Assignment: In your copy, leave out the pictures and output only the lines from the one holding "With Wishup, you" through the end of the data below, exactly.

Provided data:
○ ○ ○ ○ ○ ○ ○

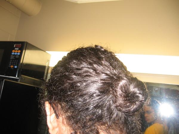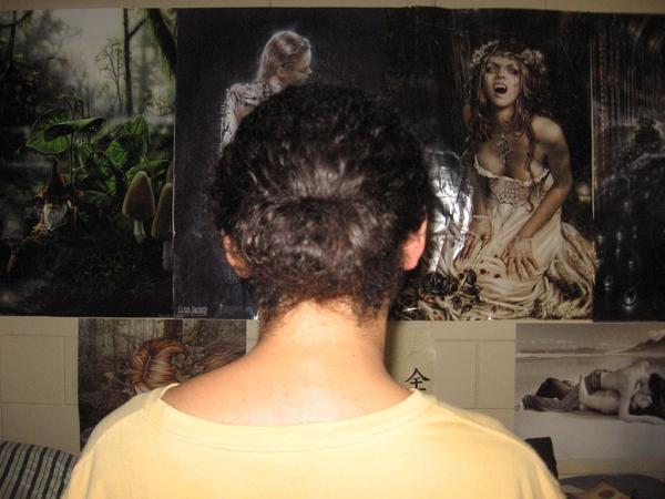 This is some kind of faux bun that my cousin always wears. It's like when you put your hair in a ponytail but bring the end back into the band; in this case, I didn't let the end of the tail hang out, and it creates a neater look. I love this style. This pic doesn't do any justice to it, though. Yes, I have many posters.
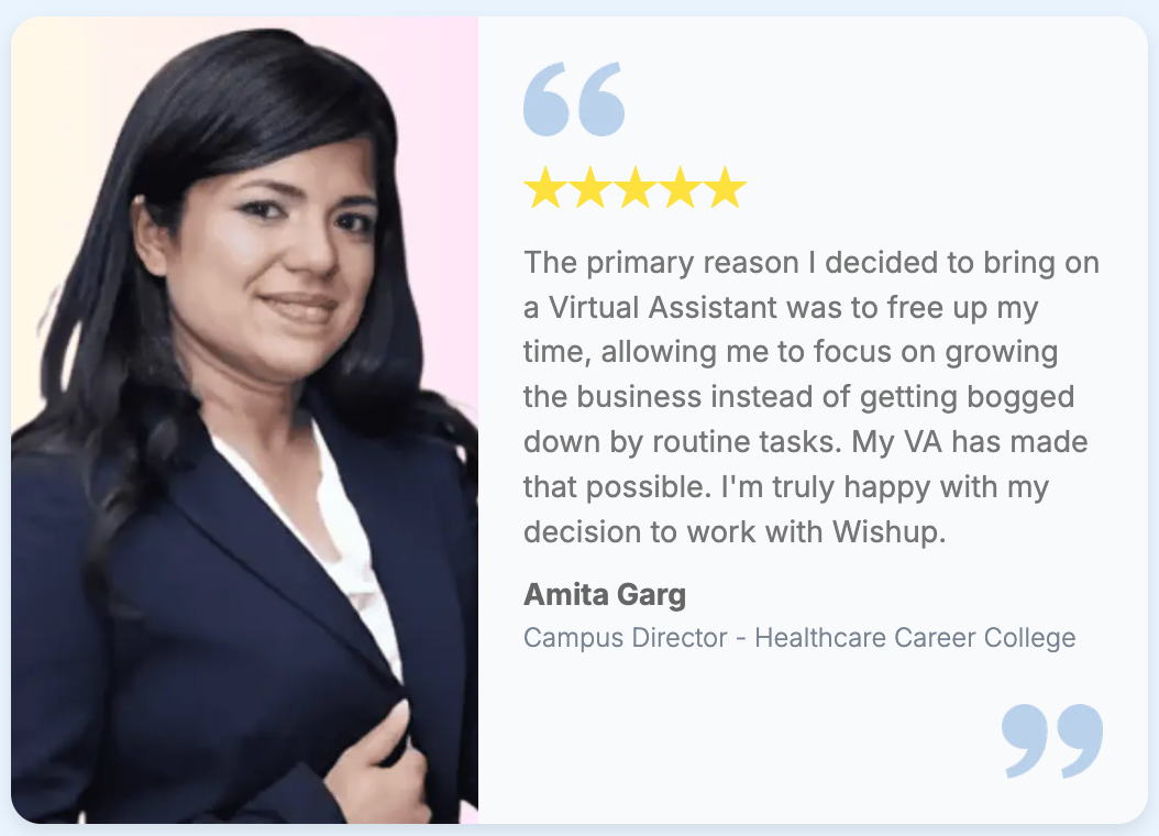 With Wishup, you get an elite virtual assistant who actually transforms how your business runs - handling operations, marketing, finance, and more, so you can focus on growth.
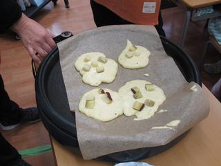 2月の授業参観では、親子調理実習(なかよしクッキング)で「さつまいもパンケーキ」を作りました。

○ ○ ○ ○ ○ ○ ○

Task response:
 With Wishup, you get an elite virtual assistant who actually transforms how your business runs - handling operations, marketing, finance, and more, so you can focus on growth.
 2月の授業参観では、親子調理実習(なかよしクッキング)で「さつまいもパンケーキ」を作りました。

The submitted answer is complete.